• **REQUIRED ACTION**
An exact repetition of the data below, without images, is the expected answer.

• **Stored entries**

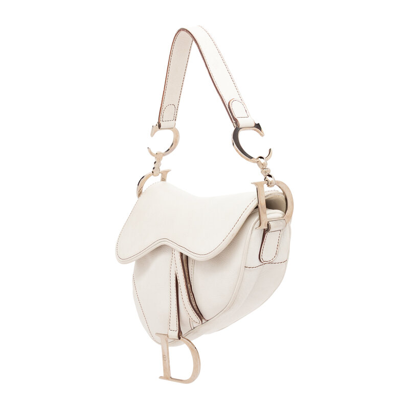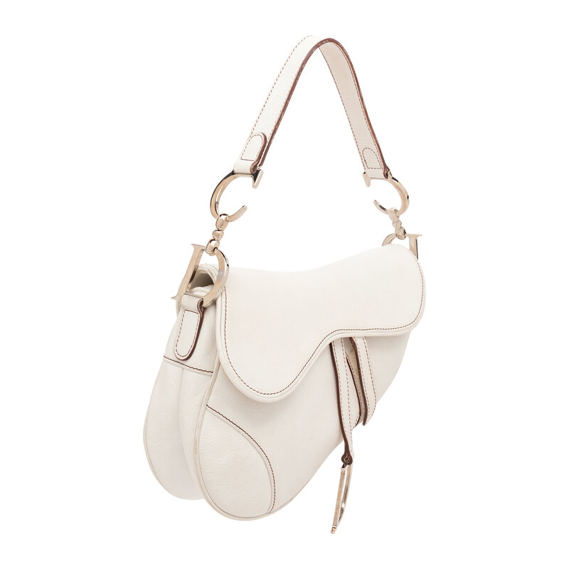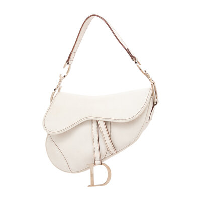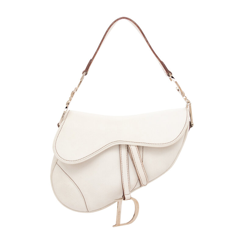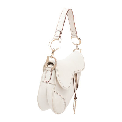 CHRISTIAN DIOR, WHITE LEATHER SADDLE BAG
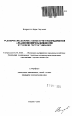 Формирование корпоративной культуры предприятий авиационной промышленности в условиях реструктуризации тема диссертации по экономике, полный текст автореферата
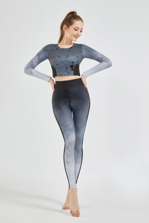 本系列灵感源于水墨画,上身采用大面积点墨设计,给人一种灵动活泼的感觉,还带有一种节奏感。下身则采用晕染水墨设计,给人一种柔和的感觉。整体则采用灰黑色调,使服装看起来更沉稳。款式上我选择了延展性较好的面料。上衣以短款为主 舒适时尚又有变化。领口采用了较大圆领,更好穿脱。下装收腰紧身提臀裤型,腿侧与腰侧选用透气面料,两侧黑色透气面料,在视觉上给人s型的感觉,更流畅更显瘦,在版型上也更有利于运动健身。
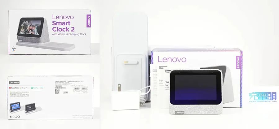 包裝盒正面印有Lenovo品牌、產(chǎn)品英文名稱以及外觀圖;底部印有產(chǎn)品款式外觀圖、支持功能以及型號等信息;包裝內(nèi)含時鐘、底座、適配器、說明書等。
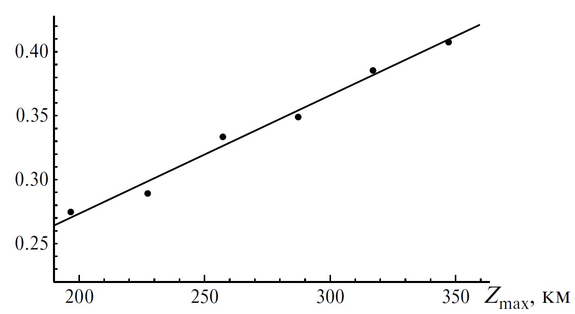 При увеличении высоты максимума слоя, напротив, наблюдается замедление сползания серпа. Так, для Zmax = 287 км имеем 14.3 км на каждые 5 км, при Zmax = 317 км (рис. 6, кривая б) — 13 км на 5 км.
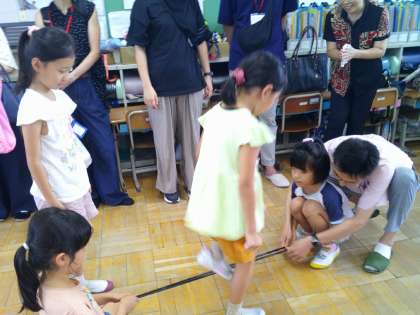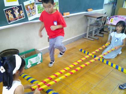 フィリピンの伝統的なあそび「ティニクリン」(バンブーダンス)をやってみました。少し難しくて、引っかかる子もいましたが、失敗してもニコニコ笑顔の子ども達でした。世界のことを知ることは楽しいですね。
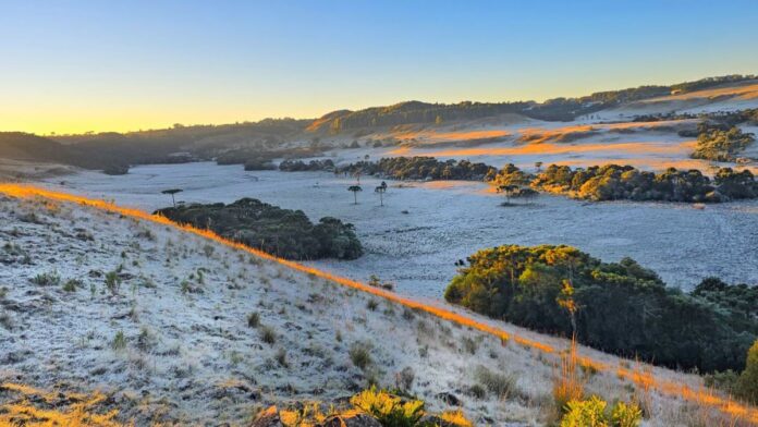O Instituto Nacional de Meteorologia (Inmet) emitiu alerta laranja de onda de frio em praticamente todo o estado do Rio Grande do Sul e no oeste de Santa Catarina até as 10h desta sexta-feira (27).
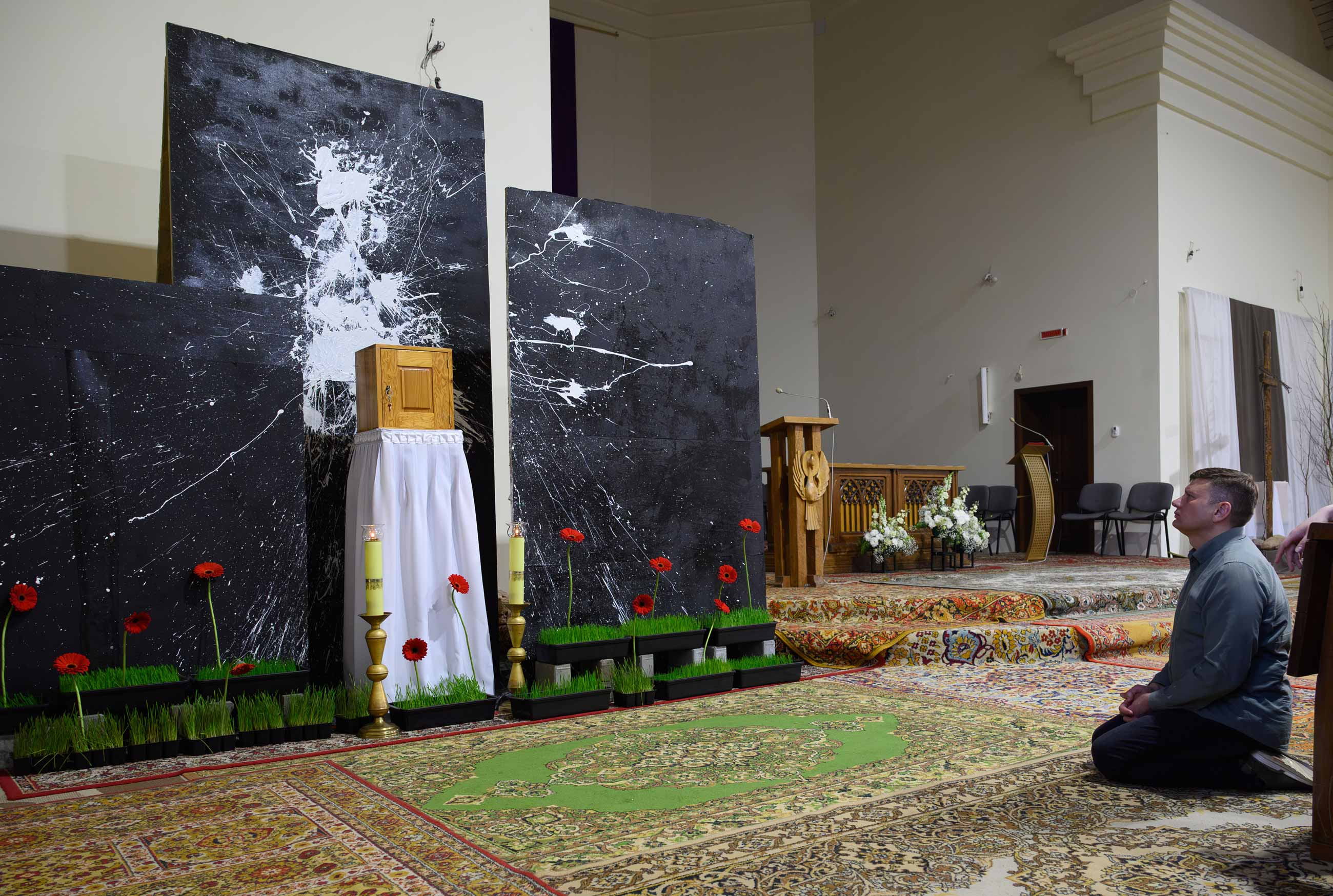 “Прабачэнне і спакой – гэта плён таго, што здзейсніў для нас Хрыстос сваёй Ахвярай, - падкрэсліў брат. - Таму мы з моладдзю вырашылі ў гэтым годзе зрабіць дэкарацыю для Гетсіманіі нетрадыцына. Смерць, грэх, бруд, дысгармонія, непрыгажосць – гэта тое, то робіць з намі грэх. Мы хацелі, каб углядаючыся ў гэты вір бясформенных плямаў, можна было зразумець, што гэта выраз майго і твайго грэху, які стаў прычынай цярпенняў Хрыста. Моц Збаўцы ў тым, што Ён уваходзіць у гэты вір са сваім прабачэннем і спакоем (Ён у табернаулюме – у цэнтры спакою), бярэ ўсё на сябе і ставіць на свае месцы”.
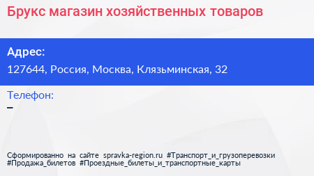 Брукс, магазин хозяйственных товаров по адресу 127644, Россия, Москва, Клязьминская, 32 в дальнейшем Организация, размещена в следующих категориях:

• **EXERCISE RESPONSE**
 CHRISTIAN DIOR, WHITE LEATHER SADDLE BAG
 Формирование корпоративной культуры предприятий авиационной промышленности в условиях реструктуризации тема диссертации по экономике, полный текст автореферата
 本系列灵感源于水墨画,上身采用大面积点墨设计,给人一种灵动活泼的感觉,还带有一种节奏感。下身则采用晕染水墨设计,给人一种柔和的感觉。整体则采用灰黑色调,使服装看起来更沉稳。款式上我选择了延展性较好的面料。上衣以短款为主 舒适时尚又有变化。领口采用了较大圆领,更好穿脱。下装收腰紧身提臀裤型,腿侧与腰侧选用透气面料,两侧黑色透气面料,在视觉上给人s型的感觉,更流畅更显瘦,在版型上也更有利于运动健身。
 包裝盒正面印有Lenovo品牌、產(chǎn)品英文名稱以及外觀圖;底部印有產(chǎn)品款式外觀圖、支持功能以及型號等信息;包裝內(nèi)含時鐘、底座、適配器、說明書等。
 При увеличении высоты максимума слоя, напротив, наблюдается замедление сползания серпа. Так, для Zmax = 287 км имеем 14.3 км на каждые 5 км, при Zmax = 317 км (рис. 6, кривая б) — 13 км на 5 км.
 フィリピンの伝統的なあそび「ティニクリン」(バンブーダンス)をやってみました。少し難しくて、引っかかる子もいましたが、失敗してもニコニコ笑顔の子ども達でした。世界のことを知ることは楽しいですね。
O Instituto Nacional de Meteorologia (Inmet) emitiu alerta laranja de onda de frio em praticamente todo o estado do Rio Grande do Sul e no oeste de Santa Catarina até as 10h desta sexta-feira (27).
 “Прабачэнне і спакой – гэта плён таго, што здзейсніў для нас Хрыстос сваёй Ахвярай, - падкрэсліў брат. - Таму мы з моладдзю вырашылі ў гэтым годзе зрабіць дэкарацыю для Гетсіманіі нетрадыцына. Смерць, грэх, бруд, дысгармонія, непрыгажосць – гэта тое, то робіць з намі грэх. Мы хацелі, каб углядаючыся ў гэты вір бясформенных плямаў, можна было зразумець, што гэта выраз майго і твайго грэху, які стаў прычынай цярпенняў Хрыста. Моц Збаўцы ў тым, што Ён уваходзіць у гэты вір са сваім прабачэннем і спакоем (Ён у табернаулюме – у цэнтры спакою), бярэ ўсё на сябе і ставіць на свае месцы”.
 Брукс, магазин хозяйственных товаров по адресу 127644, Россия, Москва, Клязьминская, 32 в дальнейшем Организация, размещена в следующих категориях:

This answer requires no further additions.